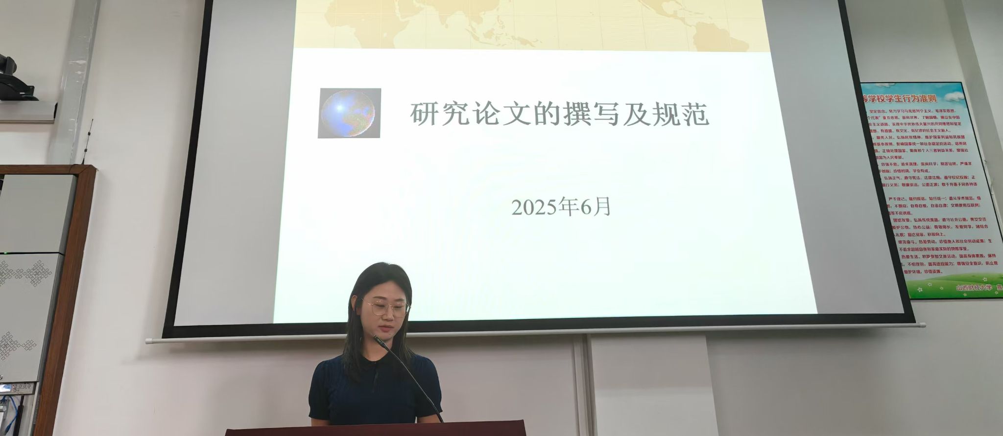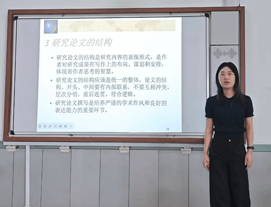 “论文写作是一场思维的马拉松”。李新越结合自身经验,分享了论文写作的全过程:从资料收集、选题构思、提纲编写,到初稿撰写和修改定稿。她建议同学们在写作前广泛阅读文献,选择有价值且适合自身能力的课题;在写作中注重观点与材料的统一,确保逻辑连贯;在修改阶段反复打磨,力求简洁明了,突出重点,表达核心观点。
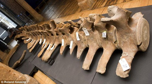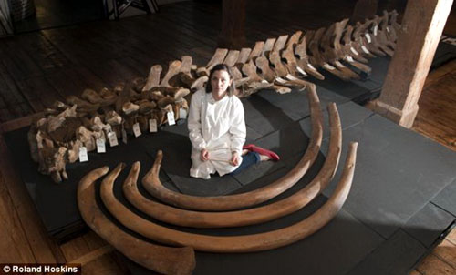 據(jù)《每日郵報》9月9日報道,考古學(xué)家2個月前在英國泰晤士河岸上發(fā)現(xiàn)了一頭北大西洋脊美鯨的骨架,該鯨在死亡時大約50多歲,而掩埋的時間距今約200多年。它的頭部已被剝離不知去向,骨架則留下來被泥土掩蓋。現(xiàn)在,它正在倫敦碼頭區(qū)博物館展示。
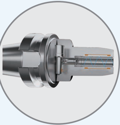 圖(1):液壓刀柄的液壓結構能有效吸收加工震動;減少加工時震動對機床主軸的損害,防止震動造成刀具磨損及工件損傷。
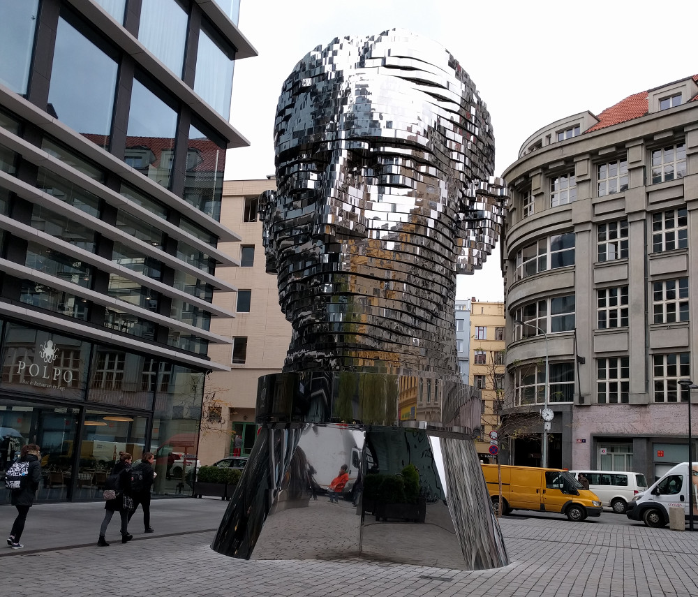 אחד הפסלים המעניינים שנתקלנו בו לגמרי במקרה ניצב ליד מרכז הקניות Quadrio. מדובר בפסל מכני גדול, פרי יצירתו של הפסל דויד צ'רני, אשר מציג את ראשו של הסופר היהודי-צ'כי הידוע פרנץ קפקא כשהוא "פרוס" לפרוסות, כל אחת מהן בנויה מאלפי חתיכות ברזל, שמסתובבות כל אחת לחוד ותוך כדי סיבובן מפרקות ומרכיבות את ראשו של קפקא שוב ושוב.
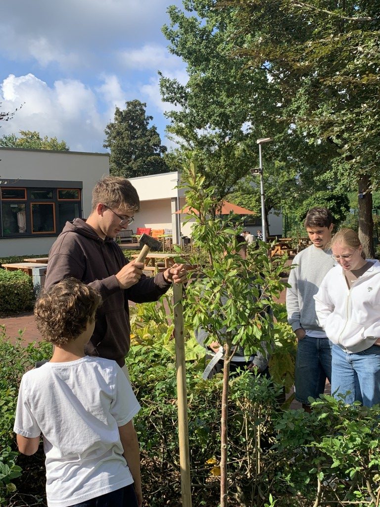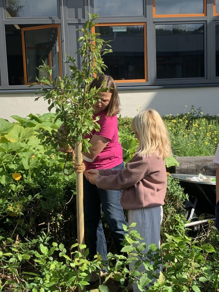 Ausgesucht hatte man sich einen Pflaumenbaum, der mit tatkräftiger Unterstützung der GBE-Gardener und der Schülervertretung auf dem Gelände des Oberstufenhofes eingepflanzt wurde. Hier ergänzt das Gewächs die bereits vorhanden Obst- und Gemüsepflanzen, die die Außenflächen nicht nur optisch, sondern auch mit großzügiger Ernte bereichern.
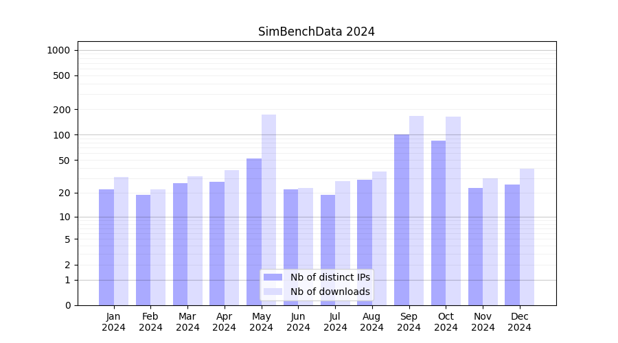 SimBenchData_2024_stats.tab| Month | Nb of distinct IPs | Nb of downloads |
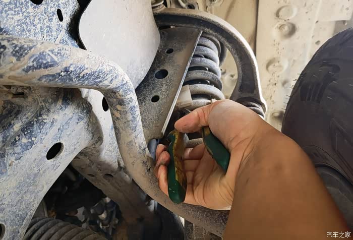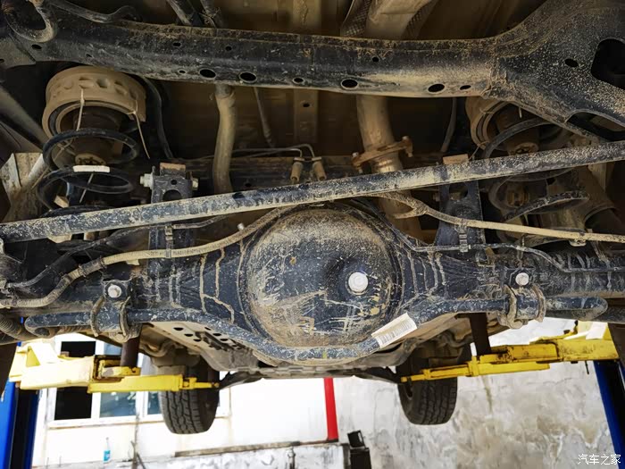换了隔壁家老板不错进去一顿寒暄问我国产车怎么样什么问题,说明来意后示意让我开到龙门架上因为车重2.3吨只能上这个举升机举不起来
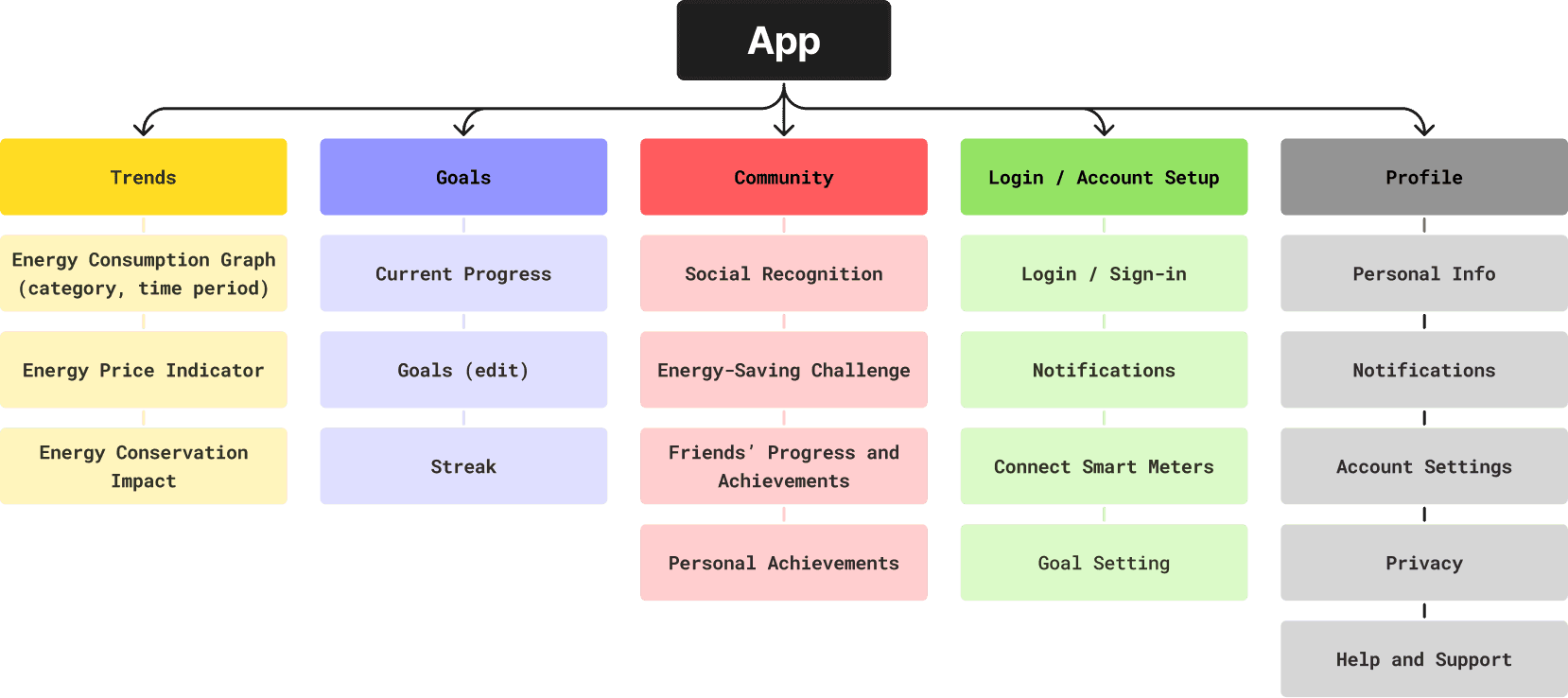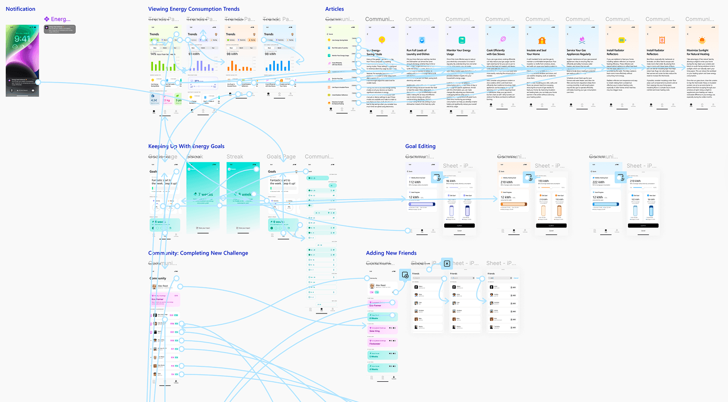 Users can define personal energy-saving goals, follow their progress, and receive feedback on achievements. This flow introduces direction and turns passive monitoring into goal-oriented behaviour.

************

Required work:
Output, exactly and without pictures, the lines above that run from the one containing "换了隔壁家老板不错进去一顿寒" through the last line of the entries, inclusive.

Task solution:
换了隔壁家老板不错进去一顿寒暄问我国产车怎么样什么问题,说明来意后示意让我开到龙门架上因为车重2.3吨只能上这个举升机举不起来
 Users can define personal energy-saving goals, follow their progress, and receive feedback on achievements. This flow introduces direction and turns passive monitoring into goal-oriented behaviour.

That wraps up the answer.